Снега. По всей балке — землянки, трубы торчат. Целое селенье. Воды нет. Снег топили. Еды вовсе нет. Побирались по хуторам окрестным. Кто что подаст: свеклу ли, тыкву. Одни пухли от голода, лежали не поднимаясь, другие сохли — словно живые мощи, все кости наружу. Помирали те и другие. Первыми уходили старики да дети. А хоронить по-людски — рыть могилы — не было сил, лишь снегом ли, землей присыпали.
Завшивели, так что волосы да бороды шевелились, как живые. Люди пытались убегать. По хуторам был строгий приказ: «Беглых не принимать». Комендантская команда беглецов ловила по округе, как бродячих собак. Стреляли. На Монастырщину, где в пещерах порою прятались беглецы, туда даже войска вызывали, делали облавы, «гаяли», как диких зверей, стреляли, взрывали.
Дожившие до весны съели в балке всю траву и молодой лист подчистую. Сушили, толкли в каменных ступах, мешали с водой.
Летом стали гонять людей на работу: пруды копать да плотины чинить. А люди и ходить не могли, друг за друга держались. Сколько здесь полегло, знает бог. Лишь в «амбарной книге» у коменданта числилось семьсот «мертвяков». Осенью последних живых увезли в далекие ссылки: Архангельск да Котлас, Магадан да Караганда. А по весне все вокруг забелелось людскими костями. Дождь, ветер, зверье да птицы легко зорили едва прикрытые землею могилки.
С тех пор курган и балка стали называться Гиблыми. Зимовными они числились лишь по картам.
Когда Басакин единственный раз привозил сюда мать, она от машины не отошла, боясь лишний шаг по земле шагнуть, потому что… «Тут наши везде лежат… Родненькие… Федюшка… Маруся… дед Амос… бабушка Хретинья, крестненький… сеструшка Варя…» — а дальше — слезы. Так и уехала во слезах и больше сюда не приезжала.
И в нынешний день, подъехав к распаху балки, Басакин недолго постоял, не больно понимая, зачем он здесь. Постоял, так же шагу по земле не шагнув, и продолжил свой путь.
Он уехал к делам. А в хуторе на своем подворье старый дед Атаман бурчал и бурчал свое: «Не хотят работать… Не хотят…»

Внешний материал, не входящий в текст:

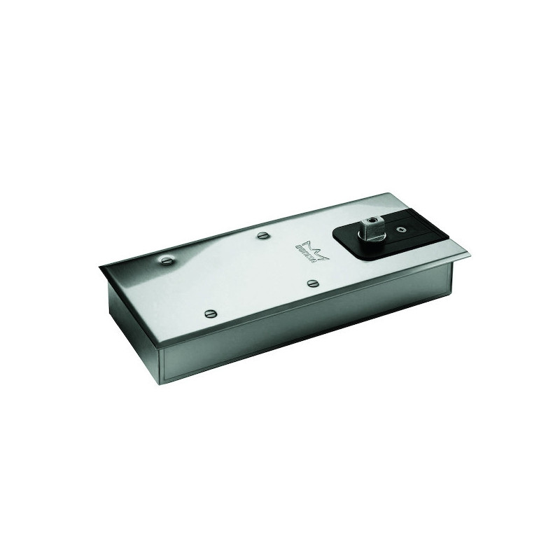 Le fabricant atteste que ce produit est conforme à la norme EN 1154.Pivot à frein économique spécialement prévu pour portes à double action. Marquage CE : - EN 3 fixe pour porte de 950 mm de largeur. - EN 4 fixe pour porte de 1100 mm de largeur. Angle d'ouverture maxi 130°. 2 vitesses de fermeture réglable par valve : - 130° à 20°. - 20° à 0°. Clapet de surpression intégré. Couple thermo-constant. Réglage dans la boîte de scellement : - 9 mm latéralement. - 8 mm en longueur. - 6 mm en hauteur. Fixation de la plaque de recouvrement sur le boîtier. Existe aussi en version avec arrêt à 90°.Plaque de recouvrement et ferrures haute et basse. axe amovible. carré ou rectangulaire à commander séparément.
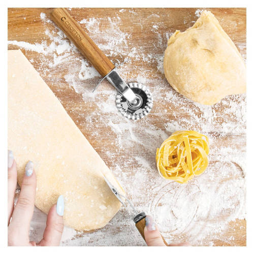 Pasta Cutter: Set includes a straight edge cutter and a fluted edge cutter. Hand wash only.
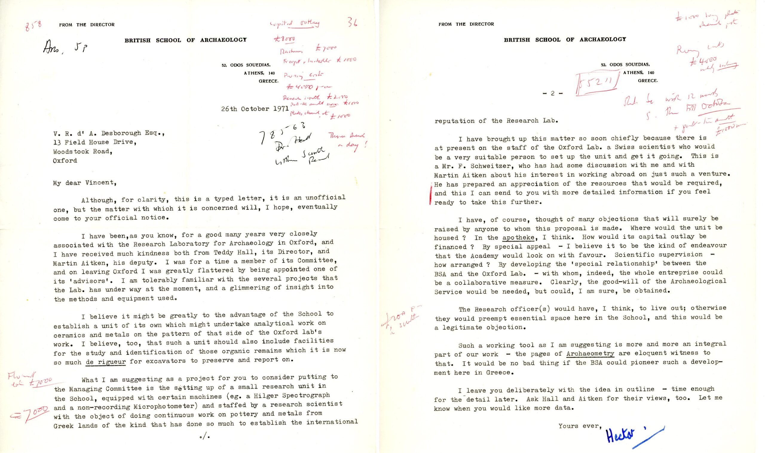 In a letter to Vincent Desborough[4] as the chairman of the BSA Managing Committee, on 26th October 1971 he suggested the school “establish a unit of its own which might undertake analytical work on ceramics and metals… such a unit should also include facilities for the study and identification of those organic remains which it is now so much de rigueur for excavators to preserve and report on.” This letter lays out Hector’s intentions clearly and the immediacy of it shows how important this project was to him.
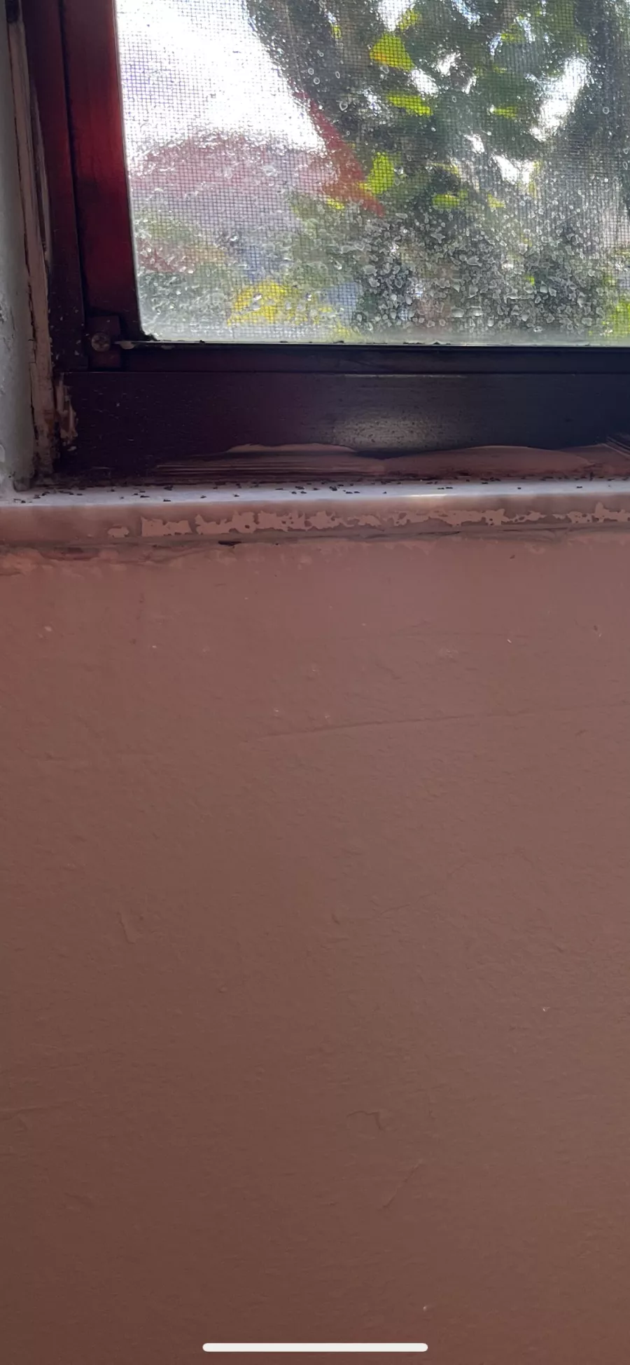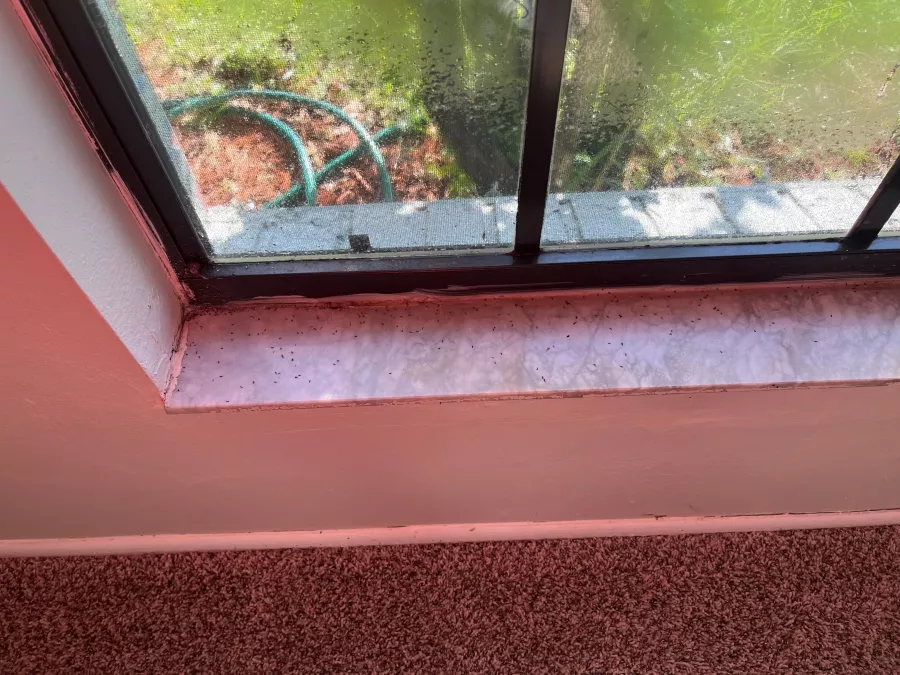 1. First, the front bedroom with the carpeting, the sheetrock under the windowsill is wet so water is getting in somehow. And there are holes where masses of ants are continuing to come in. I have included pictures of the inside sheet rock and the outside picture of the window.
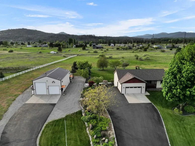 Stunning and meticulously maintained home! Rancher in beautiful Newman Lake with mountain views. 5 park like acres with finished heated 30'X55' Shop with 220 30 amp plug ins every 10 ft. 12X10 door and 12X 14 RV door. RV parking with 50 amp power hook up. New roof and windows in 2023. New Trane 95% AFUE with humidifier in 2022. 16X20 vinyl elevated deck with rail system and concrete lower deck with hot tub. Beautiful location with front and back views and beautiful 5 acres with vinyl and cyclone fencing. Come see this beautiful home today!
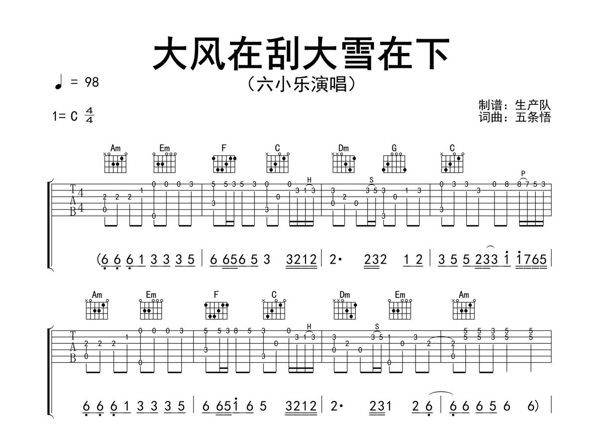 六小乐《大风在刮大雪在下》吉他谱 - C调弹唱六线谱 - 精编完美版
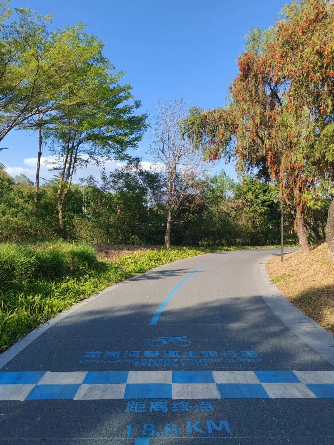 ——地面标识着“龙岗河碧道主骑行道,距离终点18.8公里”。

Зима пришла в обычную пору, одним разом показав свой неласковый норов. Еще кое-где зеленела трава, желтела поредевшая листва тополей да верб, светлые дни стояли, будто осенние. Но невзначай подошли темные тучи, начал падать снег, тихий, густой, крупными хлопьями. Желтая листва, зелень травы — все это недолго виделось через пелену снегопада. Красиво, торжественно и печально.
Снег целый день шел и не таял. К вечеру разъяснило, ударил мороз. По Дону пошла шуга: снежная, ледяная жидкая каша. Рыба уходила на дно, в зимовальные ямы. Басакин рыбачил до последнего, не жалея красных, распухших от холода рук. На рыбу поднималась и поднималась цена. Но всему приходит конец.
Утром подъехали, как всегда: с лодкой, сетями, а Дон встал. В морозном тумане поднималось большое, багровое, в желтом расплаве солнце.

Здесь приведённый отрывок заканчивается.